俺の心がアリアを受け入れたことで、謎の多幸感が常にある。何をしてもいいっ! そんな万能感が中で暴れて、理性のタガがはずれかけてる。洗脳のせいだろこれ。
「もう。貴方と2人きりで旅に出るのに、そんな様では不安です。いつか襲われちゃいますね」
「……努力する」
「私の貞操のためにも、貴方の洗脳は必要なんです。わかりましたか?」
「ああ。わかったから許してくれよ」
エミのいない旅かぁ。我慢できるかなぁ。
俺のそんな思考を読んだかのようなタイミングでアリアが言った。
「エミを旅に連れて行きたいですか?」
心臓が止まるかと思った。やはり読心はあるのか?
「……できるのか?」
「ええ。私が許せば。いいですよ」
「歩きか馬車での移動だろ。戦闘も逃走もある。大丈夫なのか?」
「ふふっ」
アリアが不敵に笑って金の髪が揺れる。いたずらをしてるみたいな顔で力強くうなずいた。
「女と魔力を舐めないでください。貴族の女は強いですよ」
「……そうか。母体に影響がないならいいが」
「さすがに魔族領域の手前で引き返させますが。戦闘も参加させませんよ」
「つうか、本人の意思による。あまりムリさせたくないよ」
「実は前について行きたいと言われて断ってるんですよね。意思はあるかと」
洗脳でイジった心に意思はあるのか? なんかわけがわからなくなってきた。
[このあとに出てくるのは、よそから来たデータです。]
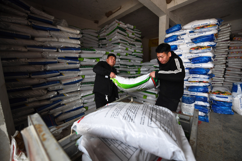 2月8日,河南商丘寧陵縣農民將購買的化肥運到三輪車上。新華社記者 張浩然攝
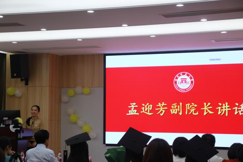 孟迎芳副院长代表学院向毕业生表达了衷心的祝贺,并对到来的学生家长表示热烈的欢迎。其中她强调了“守初心,持真心、存善心”“三心”对于未来生活的重要作用,期待每一位毕业生都前程似锦,活出自己的精彩。
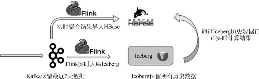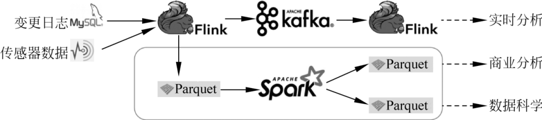 在常用的Lambda架构中,有实时处理模块和离线处理模块。实时模块一般由Flink、Kafka和HBase构建,离线模块一般由Parquet和Spark等组件构建,如图所示。
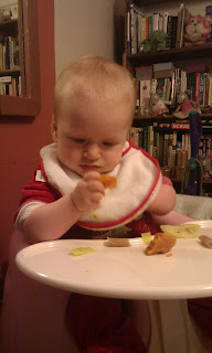 One of the main guidelines for this exercise (according to the book my wife read) is to make the whole exercise seem quite normal, and a big part of this is NOT laughing at the youngling while she's tearing her food to shreds and running her own personal experiments into the viscosity and spreadability of various foodstuffs. Not tittering while Issy smears food anywhere she can is hard enough, but it's almost impossible to keep from belly-laughing when Issy's face betrays her opinion of the taste any of any morsels that actually manage to make it to her mouth.
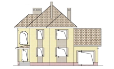| Фасад | стены дома отделаны облицовочным одинарным желтым кирпичом. Обрамления окон и ворот, участки фасада под и над окнами выполнены из облицовочного одинарного коричневого кирпича. Цоколь выполнен из красного кирпича, рядового. Кровля - коричневая металлочерепица |

とりあえず、望んでるっぽいならいいか。これだけ一緒にいてもエミから浮気しないか疑われてるからな。同行の提案は喜ばれる気がする。
「これから魔王討伐の旅に出ます。私たちウラハ家と縁深い、リニー家という貴族の屋敷に向かって、しばらく滞在します。魔族領域と接している最前線の人族領域を治める有力貴族のひとつです。そこまでであれば一応、安全かと」
「そうか」
ついに旅立ちか。感慨深い。
「そこで魔族を暗殺すんのか。ついでにモンスターを減らす」
「まあ、そうですね。それでリニー家の前線を押し上げられたらありがたいです」
「ここからどのくらい遠いんだ?」
「馬なら20日ほどです」
「ま、まあまああるな……」
「私だけなら10日切れますけど。勇者様が消耗しては意味がないですからね。あせらずに行きましょう」
余裕の口ぶりから察するに、アリアは旅慣れてるんだな。俺は歩き旅とか経験がない。ブギウギ奥の細道とかをテレビで見た程度だ。魔力のアシストがあっても未知の領域だった。
いよいよ旅立ちか。俺はこれからどうなるんだろうな。エミとの地下室の生活が恋しい。